#### [DATA PROVIDED]
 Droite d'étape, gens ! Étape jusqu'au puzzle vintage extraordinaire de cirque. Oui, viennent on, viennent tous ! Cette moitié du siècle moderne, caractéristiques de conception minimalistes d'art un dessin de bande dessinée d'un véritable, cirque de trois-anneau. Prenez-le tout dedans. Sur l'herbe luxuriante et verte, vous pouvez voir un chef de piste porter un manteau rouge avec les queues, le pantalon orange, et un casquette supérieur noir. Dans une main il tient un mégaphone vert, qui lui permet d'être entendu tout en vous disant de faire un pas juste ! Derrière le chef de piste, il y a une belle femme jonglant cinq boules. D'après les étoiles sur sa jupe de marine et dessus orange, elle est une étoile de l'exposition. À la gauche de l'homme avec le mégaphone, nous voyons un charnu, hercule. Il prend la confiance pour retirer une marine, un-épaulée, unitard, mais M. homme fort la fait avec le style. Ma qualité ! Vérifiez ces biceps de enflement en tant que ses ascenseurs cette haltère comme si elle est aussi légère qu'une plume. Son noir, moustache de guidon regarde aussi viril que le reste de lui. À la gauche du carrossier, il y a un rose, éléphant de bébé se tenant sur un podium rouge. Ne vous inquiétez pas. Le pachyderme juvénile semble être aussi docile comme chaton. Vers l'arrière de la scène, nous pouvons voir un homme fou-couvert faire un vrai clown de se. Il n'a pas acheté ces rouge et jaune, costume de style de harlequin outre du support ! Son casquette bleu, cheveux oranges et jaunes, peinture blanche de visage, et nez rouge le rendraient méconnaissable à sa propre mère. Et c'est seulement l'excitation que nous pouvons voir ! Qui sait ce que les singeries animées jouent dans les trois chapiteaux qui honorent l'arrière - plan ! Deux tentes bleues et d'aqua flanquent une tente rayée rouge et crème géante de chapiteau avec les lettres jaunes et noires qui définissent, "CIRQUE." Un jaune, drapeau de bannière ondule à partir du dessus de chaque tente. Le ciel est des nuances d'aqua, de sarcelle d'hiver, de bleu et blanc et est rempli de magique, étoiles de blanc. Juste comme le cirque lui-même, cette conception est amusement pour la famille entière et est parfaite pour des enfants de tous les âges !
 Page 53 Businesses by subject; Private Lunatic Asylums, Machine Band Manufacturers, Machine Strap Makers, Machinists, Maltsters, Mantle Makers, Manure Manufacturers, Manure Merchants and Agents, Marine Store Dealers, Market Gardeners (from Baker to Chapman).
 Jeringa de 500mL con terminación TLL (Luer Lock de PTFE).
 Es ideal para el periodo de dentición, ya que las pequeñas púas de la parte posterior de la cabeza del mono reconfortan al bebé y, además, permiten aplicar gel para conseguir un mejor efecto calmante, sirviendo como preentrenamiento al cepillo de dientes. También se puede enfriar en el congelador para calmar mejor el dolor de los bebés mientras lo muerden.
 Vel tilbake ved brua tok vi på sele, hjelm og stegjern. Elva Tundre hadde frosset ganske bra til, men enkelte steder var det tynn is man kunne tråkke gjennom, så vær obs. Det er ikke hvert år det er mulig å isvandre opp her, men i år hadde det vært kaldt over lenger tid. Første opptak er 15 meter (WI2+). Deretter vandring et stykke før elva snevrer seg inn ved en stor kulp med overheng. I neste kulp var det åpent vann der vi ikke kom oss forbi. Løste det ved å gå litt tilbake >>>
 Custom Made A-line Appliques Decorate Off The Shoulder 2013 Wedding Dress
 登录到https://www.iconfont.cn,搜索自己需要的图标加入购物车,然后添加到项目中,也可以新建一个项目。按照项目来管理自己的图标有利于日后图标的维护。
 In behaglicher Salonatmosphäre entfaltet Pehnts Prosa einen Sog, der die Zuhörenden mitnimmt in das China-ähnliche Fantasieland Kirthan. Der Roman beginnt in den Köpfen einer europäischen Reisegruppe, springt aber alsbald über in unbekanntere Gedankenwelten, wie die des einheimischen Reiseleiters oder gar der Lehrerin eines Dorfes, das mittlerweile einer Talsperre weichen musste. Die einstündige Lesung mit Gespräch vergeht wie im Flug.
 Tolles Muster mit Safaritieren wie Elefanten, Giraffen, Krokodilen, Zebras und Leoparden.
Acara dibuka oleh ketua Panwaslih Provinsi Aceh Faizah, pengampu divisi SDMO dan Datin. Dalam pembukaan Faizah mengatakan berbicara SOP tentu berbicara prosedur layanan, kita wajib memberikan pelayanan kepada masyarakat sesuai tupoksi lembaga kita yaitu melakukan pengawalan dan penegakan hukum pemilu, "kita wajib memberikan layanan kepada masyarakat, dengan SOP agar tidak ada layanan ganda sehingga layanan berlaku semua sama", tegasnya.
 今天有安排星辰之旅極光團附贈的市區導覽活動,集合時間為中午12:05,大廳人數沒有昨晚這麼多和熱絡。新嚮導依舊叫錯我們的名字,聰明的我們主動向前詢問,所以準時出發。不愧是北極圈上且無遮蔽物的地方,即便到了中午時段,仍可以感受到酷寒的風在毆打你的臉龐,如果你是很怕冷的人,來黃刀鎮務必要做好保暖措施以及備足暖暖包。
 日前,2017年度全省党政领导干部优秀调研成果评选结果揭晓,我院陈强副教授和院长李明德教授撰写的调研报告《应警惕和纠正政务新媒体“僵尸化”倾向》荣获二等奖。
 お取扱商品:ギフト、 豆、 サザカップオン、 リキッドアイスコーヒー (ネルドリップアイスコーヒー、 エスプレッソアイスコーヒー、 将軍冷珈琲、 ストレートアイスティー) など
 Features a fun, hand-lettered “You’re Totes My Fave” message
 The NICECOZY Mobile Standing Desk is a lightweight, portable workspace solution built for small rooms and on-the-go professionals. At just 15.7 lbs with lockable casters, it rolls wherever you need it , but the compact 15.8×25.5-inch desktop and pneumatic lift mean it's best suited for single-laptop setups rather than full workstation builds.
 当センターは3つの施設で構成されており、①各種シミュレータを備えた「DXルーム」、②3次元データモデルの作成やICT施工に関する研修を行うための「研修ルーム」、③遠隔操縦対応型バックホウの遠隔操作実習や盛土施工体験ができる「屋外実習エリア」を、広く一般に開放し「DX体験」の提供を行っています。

#### [WHAT IS EXPECTED]
Which lines run from the one holding "登录到https://www" through the one holding "Acara dibuka oleh" in the records above? Repeat them exactly, both included, and nothing more.

#### [RESULT BELOW]
 登录到https://www.iconfont.cn,搜索自己需要的图标加入购物车,然后添加到项目中,也可以新建一个项目。按照项目来管理自己的图标有利于日后图标的维护。
 In behaglicher Salonatmosphäre entfaltet Pehnts Prosa einen Sog, der die Zuhörenden mitnimmt in das China-ähnliche Fantasieland Kirthan. Der Roman beginnt in den Köpfen einer europäischen Reisegruppe, springt aber alsbald über in unbekanntere Gedankenwelten, wie die des einheimischen Reiseleiters oder gar der Lehrerin eines Dorfes, das mittlerweile einer Talsperre weichen musste. Die einstündige Lesung mit Gespräch vergeht wie im Flug.
 Tolles Muster mit Safaritieren wie Elefanten, Giraffen, Krokodilen, Zebras und Leoparden.
Acara dibuka oleh ketua Panwaslih Provinsi Aceh Faizah, pengampu divisi SDMO dan Datin. Dalam pembukaan Faizah mengatakan berbicara SOP tentu berbicara prosedur layanan, kita wajib memberikan pelayanan kepada masyarakat sesuai tupoksi lembaga kita yaitu melakukan pengawalan dan penegakan hukum pemilu, "kita wajib memberikan layanan kepada masyarakat, dengan SOP agar tidak ada layanan ganda sehingga layanan berlaku semua sama", tegasnya.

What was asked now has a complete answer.